#### Goal of the exercise:
Reproduce from the records below, with no pictures, exactly the lines between the one containing "Lot:40 原光 广东十八年孙像贰豪 PCGS MS63" and the one containing "Ulfa, Dinata Damanik", inclusive.

#### Data supplied:
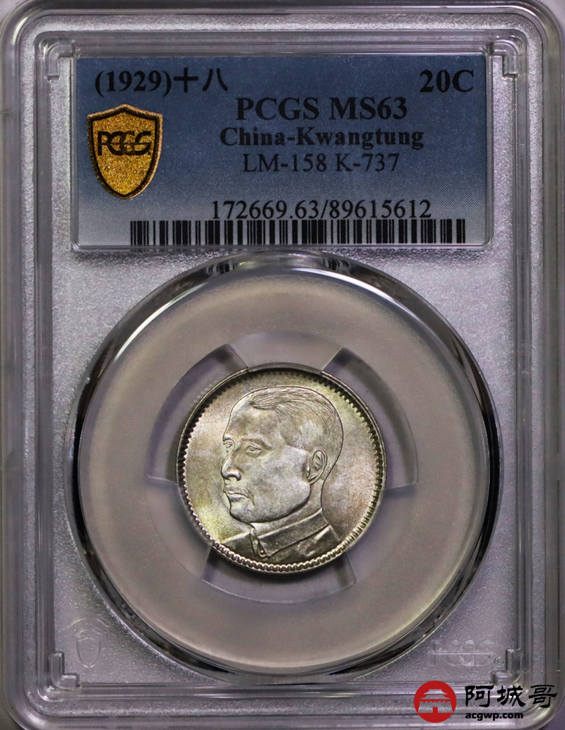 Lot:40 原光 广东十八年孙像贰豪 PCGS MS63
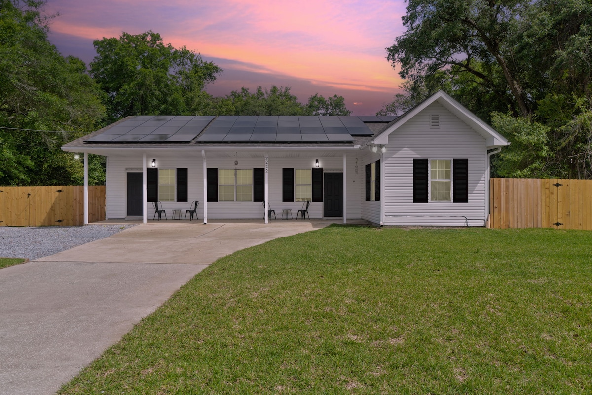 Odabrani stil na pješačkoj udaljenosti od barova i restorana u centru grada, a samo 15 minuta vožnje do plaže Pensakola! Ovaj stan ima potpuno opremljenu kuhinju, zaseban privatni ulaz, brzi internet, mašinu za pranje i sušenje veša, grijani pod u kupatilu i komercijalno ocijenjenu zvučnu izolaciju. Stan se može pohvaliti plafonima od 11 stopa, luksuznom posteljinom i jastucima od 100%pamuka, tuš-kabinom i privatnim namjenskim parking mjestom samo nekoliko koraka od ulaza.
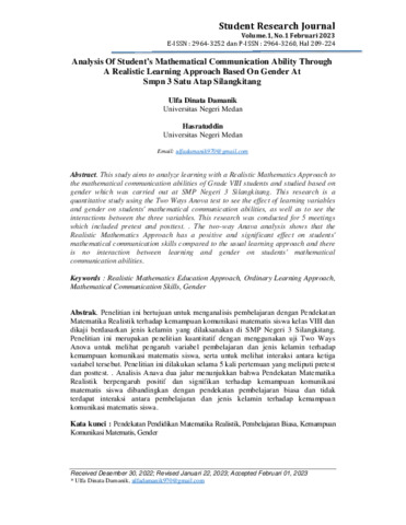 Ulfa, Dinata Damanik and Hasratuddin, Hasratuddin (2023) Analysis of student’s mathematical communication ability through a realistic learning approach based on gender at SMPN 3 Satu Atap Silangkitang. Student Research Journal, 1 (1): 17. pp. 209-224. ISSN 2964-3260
--
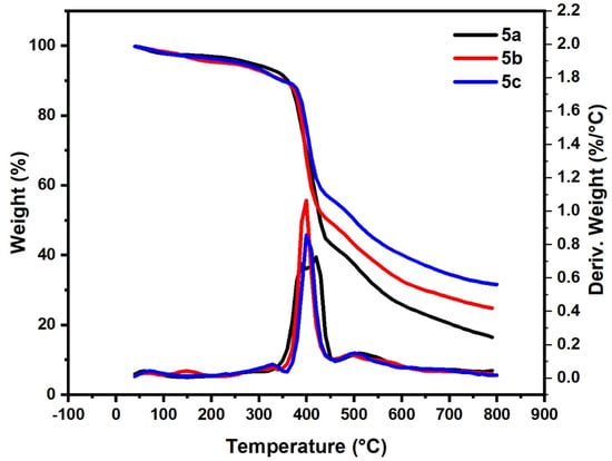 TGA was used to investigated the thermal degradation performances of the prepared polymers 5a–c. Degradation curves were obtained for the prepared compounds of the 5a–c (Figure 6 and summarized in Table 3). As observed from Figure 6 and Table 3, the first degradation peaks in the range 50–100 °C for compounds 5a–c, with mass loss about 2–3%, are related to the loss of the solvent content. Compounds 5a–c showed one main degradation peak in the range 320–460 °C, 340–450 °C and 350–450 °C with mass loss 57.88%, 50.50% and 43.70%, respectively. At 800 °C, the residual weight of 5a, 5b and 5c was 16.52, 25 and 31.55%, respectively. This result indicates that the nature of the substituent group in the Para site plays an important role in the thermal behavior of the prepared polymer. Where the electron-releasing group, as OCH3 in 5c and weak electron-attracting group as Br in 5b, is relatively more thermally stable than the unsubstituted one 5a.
==
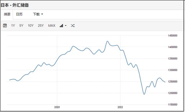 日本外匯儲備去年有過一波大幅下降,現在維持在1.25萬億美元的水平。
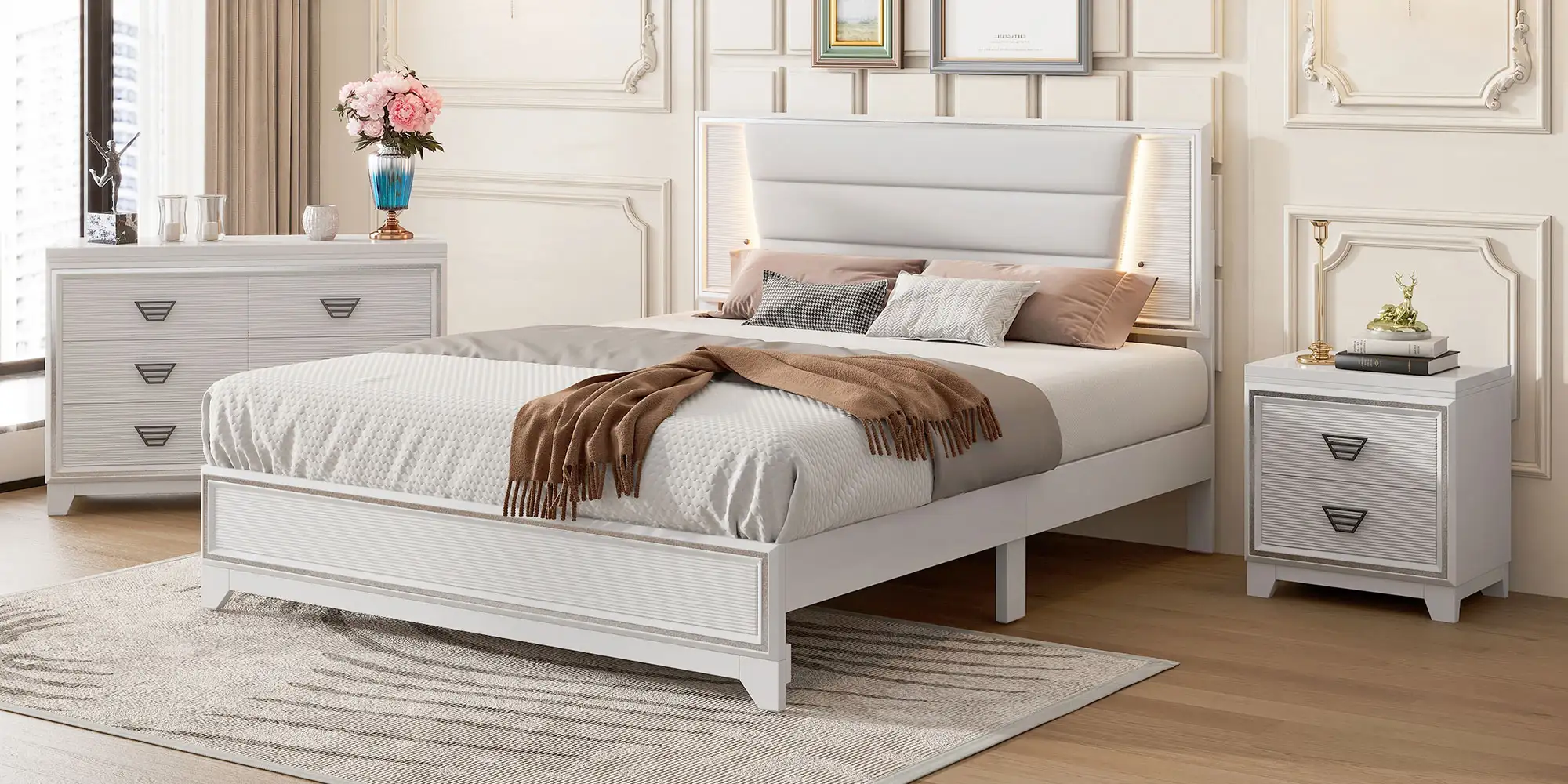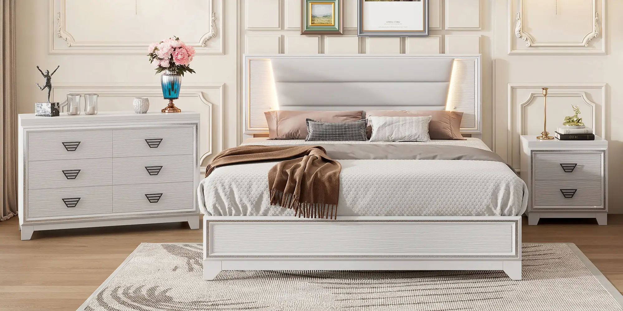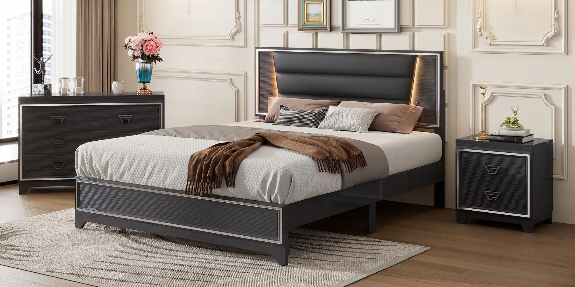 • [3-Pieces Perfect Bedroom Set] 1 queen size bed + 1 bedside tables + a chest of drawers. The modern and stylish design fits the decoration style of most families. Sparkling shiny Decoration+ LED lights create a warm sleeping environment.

#### Reply to the task:
 Lot:40 原光 广东十八年孙像贰豪 PCGS MS63
 Odabrani stil na pješačkoj udaljenosti od barova i restorana u centru grada, a samo 15 minuta vožnje do plaže Pensakola! Ovaj stan ima potpuno opremljenu kuhinju, zaseban privatni ulaz, brzi internet, mašinu za pranje i sušenje veša, grijani pod u kupatilu i komercijalno ocijenjenu zvučnu izolaciju. Stan se može pohvaliti plafonima od 11 stopa, luksuznom posteljinom i jastucima od 100%pamuka, tuš-kabinom i privatnim namjenskim parking mjestom samo nekoliko koraka od ulaza.
 Ulfa, Dinata Damanik and Hasratuddin, Hasratuddin (2023) Analysis of student’s mathematical communication ability through a realistic learning approach based on gender at SMPN 3 Satu Atap Silangkitang. Student Research Journal, 1 (1): 17. pp. 209-224. ISSN 2964-3260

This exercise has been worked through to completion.